Dismantling Land Reforms in J&K

Land Grab under the Garb of Developmentalism

By Shinzani Jain

The Government of India recently abrogated the special status accorded to the erstwhile state of Jammu & Kashmir (J&K) under Article 370 of the Constitution of India. One of the main reasons cited by Home Minister Amit Shah while introducing the resolution in the Rajya Sabha on August 5 was that Article 370 has hampered the development of the people of J&K. Soon, this became a popular opinion.

Criticising this widely popular move, renowned economist and academic Jean Dreze voiced his dissent arguing, “It is not correct to say that Kashmir is a backward state, therefore, it was a must to remove Article-370. Of course, there are economic problems, but the living standard is quite good, nutrition is much better in Kashmir than Gujarat.1Dreze, J (9 August 2019). ‘Economist Jean Dreaze: Article 370 helped reduce poverty in Jammu and Kashmir’. National Herald. Retrieved from https://www.nationalheraldindia.com/india/economist-jean-dreze-jandk-more-developed-than-gujarat-special-status-helped-reducing-poverty. Dreze notes that J&K is, in fact, more developed than many of the other Indian states. He also makes a comparative analysis between the human development indicators of J&K and Gujarat.

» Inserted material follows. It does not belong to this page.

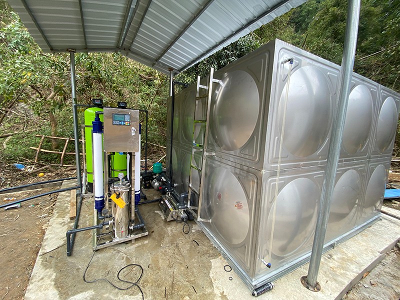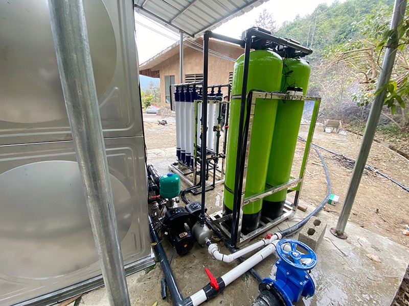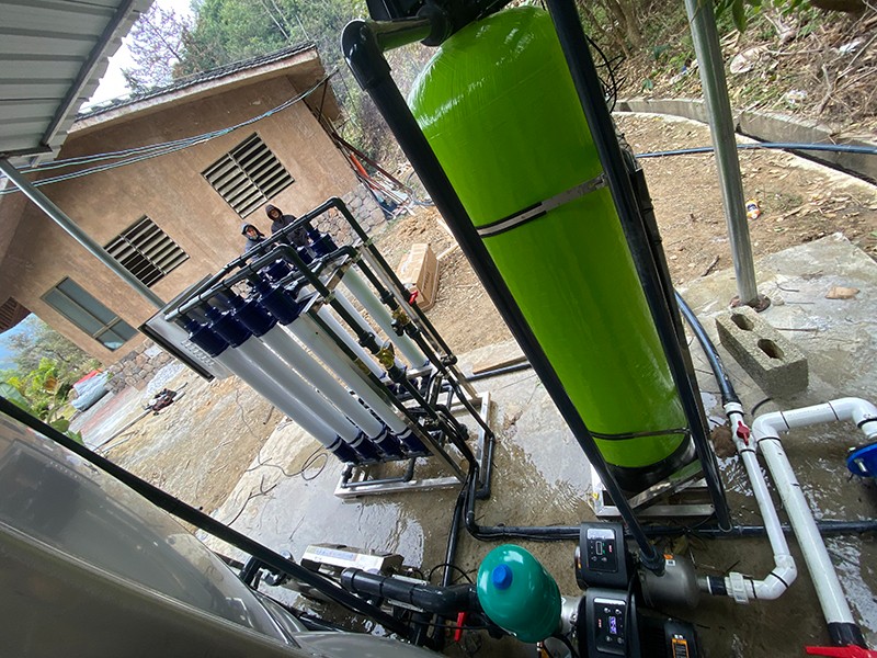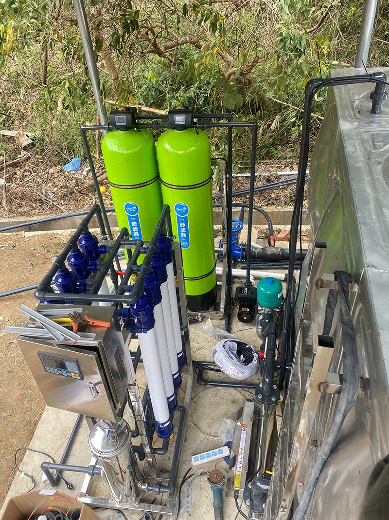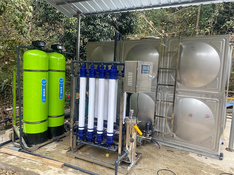 本方案主要針對原水為河水,以河水為飲用水源的地區,常常在雨季會遇到水質渾濁發黃問題。河水通常比較渾濁,水面漂浮臟東西、樹葉、水藻等,尤其在暴雨季節,水中泥沙量增加,雜質多,濁度、色度、氣味、細菌含量超標,因此必須使用專業凈水設備處理后才能達到生活飲用的目的。我們對河水的凈化主要是除去水中雜質,包括以下幾種:泥沙、大分子顆粒雜質、懸浮物、藻類、膠體,去除污染色度、異味、微生物、細菌、病毒等,有的源水會含有HCO、Ca 、SO 、Cl 、Na 、Mg 和K。為了將河水指標達到生活用水標準,通過康津超濾設備進而得到凈化。康津水處理為根據實際用途情況制定以下解決方案。用水人數大約在50至100人,用水處理量每小時約4噸。

Figure 1: Some important religious tourism sites in Jammu & Kashmir

Interestingly, Dreze attributes the better performance of J&K to the extensive land reforms that were carried out by the National Conference government in the 1950s and contends that it was, in fact, Article 370 that made these reforms possible. He says, “Because of Article-370, J&K has its own constitution and this constitution allowed distribution of land which the Constitution of India would not have allowed. I think it played an important part in reducing poverty and in laying the foundation of a relatively egalitarian economy in rural areas.”2Ibid.

Sharply critical of the government’s move, former Finance Minister of J&K, Haseeb A. Drabu writes, “For the people of J&K, the biggest benefit of the state having greater legislative latitude under Article 370 has been the radical restructuring of agrarian relations. It was the first state in India, much before the communist government in Kerala, to carry out non-compensatory land reforms.”3Drabu, H. A (8 August 2019). ‘Was special status a development dampener in J&K?’. Live Mint. Retrieved from https://www.livemint.com/opinion/columns/opinion-was-special-status-a-development-dampener-in-j-k-1565248797810.html. J&K was, in fact, the only state to carry out land reforms without granting any compensation to former proprietors of land. Land was transferred to peasants free of costs and arrears. 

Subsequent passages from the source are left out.